When they had passed a dozen weary doors, Chelle asked, “Where are you going?”
“To our stateroom. I thought Achille would be waiting outside. He wasn’t and I’d like to be where he can find me, at least for the next hour or two. I’ll probably go out on the veranda and read. What about you?”
“Going down to the second-class bar. I just decided.” Grinning, Chelle raised her larger hand. “I swear I won’t have more than a couple of beers, and I won’t cheat on you. Trust me?”
Skip nodded. “I love you too much not to.”
“Okay. I need to talk to the guys and tell them to lay off the rough stuff until we get to that island he’s heading for.”
“Grenada.”
“Yeah, that was it. I’ll circulate and pass the word. Then I’ll come in and make you drop your book.”
As he walked down the corridor to their cabin, Skip decided that he would read for no longer than one hour. If Chelle had not returned by then, he too would look in on the second-class bar.
Achille was waiting outside the door. “We talk, mon. Mus’ talk. I got big news. Bad news.”
Skip slipped his key card into the lock. “Come in.

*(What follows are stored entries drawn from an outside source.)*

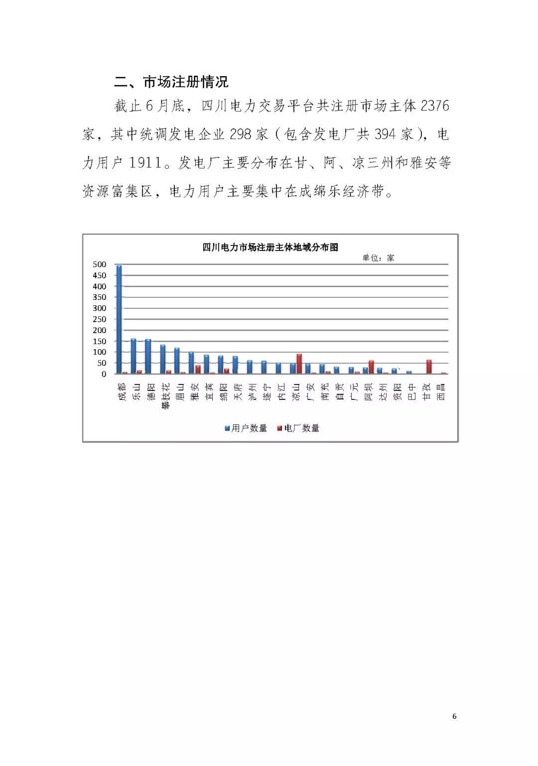 市場(chǎng)注冊(cè)情況:截止6月底四川電力交易平臺(tái)共注冊(cè)市場(chǎng)主體2376家,其中統(tǒng)調(diào)發(fā)電企業(yè)298家(包含發(fā)電廠共394家),電力用戶1911家。發(fā)電廠主要分有在甘、阿、涼三州和雅安等資源富集區(qū),電力用戶主要集中在成綿樂(lè)經(jīng)濟(jì)帶。
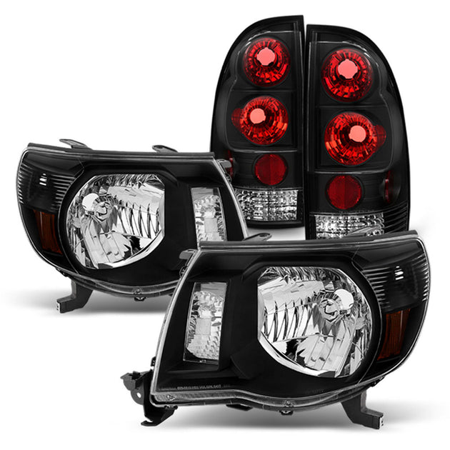 AKKON - Fits 2005-2011 Toyota Tacoma Pickup Truck Black Headlights + Blk Bezek Rear Tail Brake Lamp Pair Left+Right
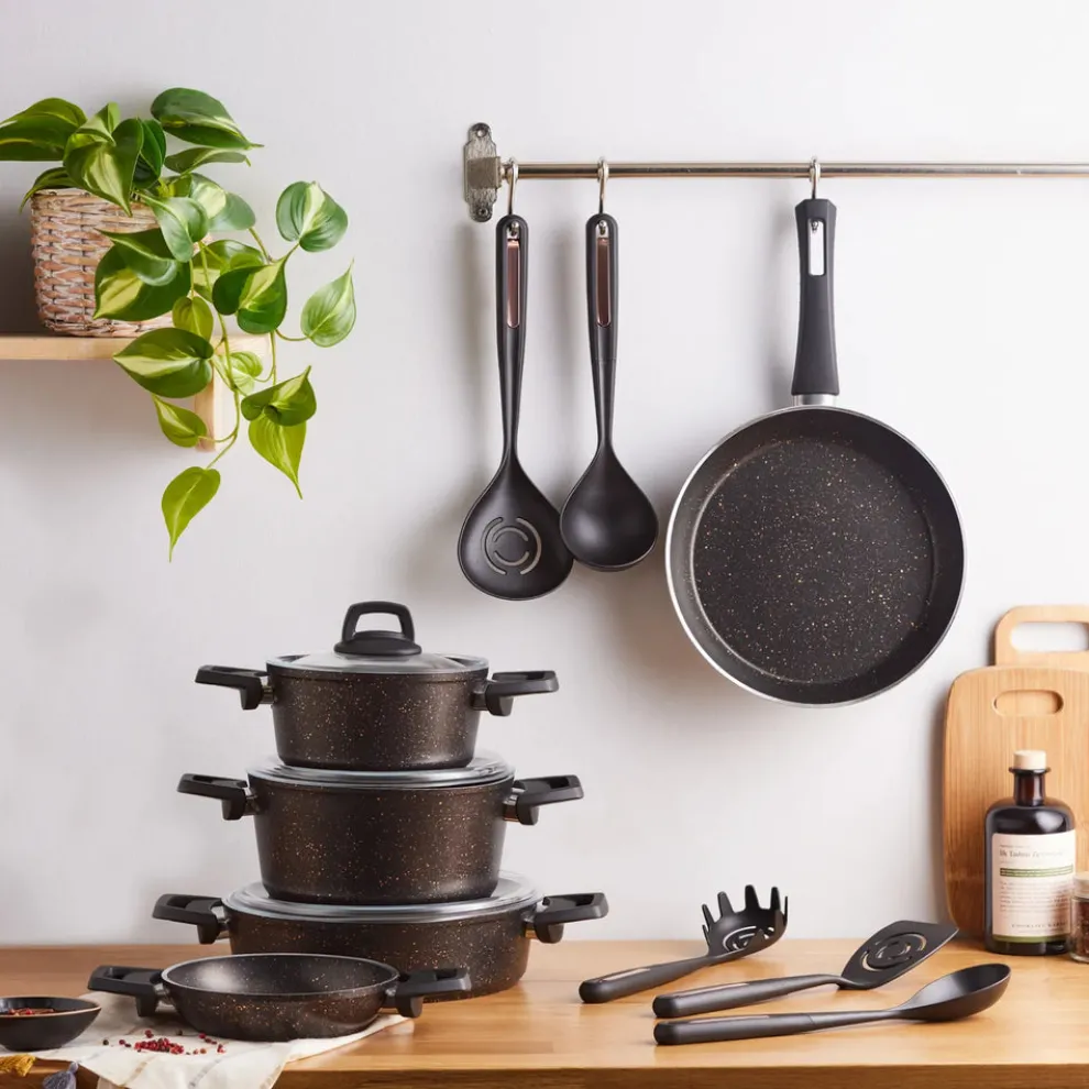 Karaca Blackgold Biogranite 13-Piece Induction Cookware Set with Kitchen Utensil Set, Black Gold

I’ve got a question, but I may not need to ask it after I hear your news.”
Hesitantly, Achille followed him in. “Is good, I come in this place?”
“You’re worried about Chelle. She isn’t here, and you’ll be gone before she comes back. You said you had news. What is it?”
“They take me, los picaróns . Take my hooks.”
Skip nodded. “I should have noticed that when you opened the door and waved to me. I knew something was wrong with the way you looked, but I didn’t know what it was. How did you open the door?”
Achille grinned. “Roll him between arms, mon.” He demonstrated, one brawny forearm on top of an imaginary doorknob and the other below it. “This how I do him all days.”
“I see. How did you get away from the hijackers?”
“They let me go, mon. Take my hooks, I no fight then. Give paper and let go. I say I take to you. In pocket my shirt.” Lifting one shoulder and bending his head, Achille caught the top of a soiled note between his teeth.
Skip took it. It proved to be a list of names, some printed, some cursive: David Arthur Pechter, Gregorio I. Lo Casale, Joe Bonham, Donald Miles, Gerald Kent-Jermyn, and Angel Mendoza.
Achille pointed to the last. “Is gone, mon. He give slip before let me go. Him, him, him, him, him they still got. Rope on hands, feet, so they not give slip, too.”
“These five men are their prisoners?”
“Is so, mon. They give paper, make every mon write his name. They give me paper, say you come talk or they—” Achille made a throat-cutting gesture with the end of his right stump. “You come talk?”
“Yes. Yes, certainly.”
“No gun. No knife.”
Skip nodded. “Chelle doesn’t have a laptop. I ought to have gotten her one.” A short search uncovered paper with the ship’s name and image blazoned on top, and a pen.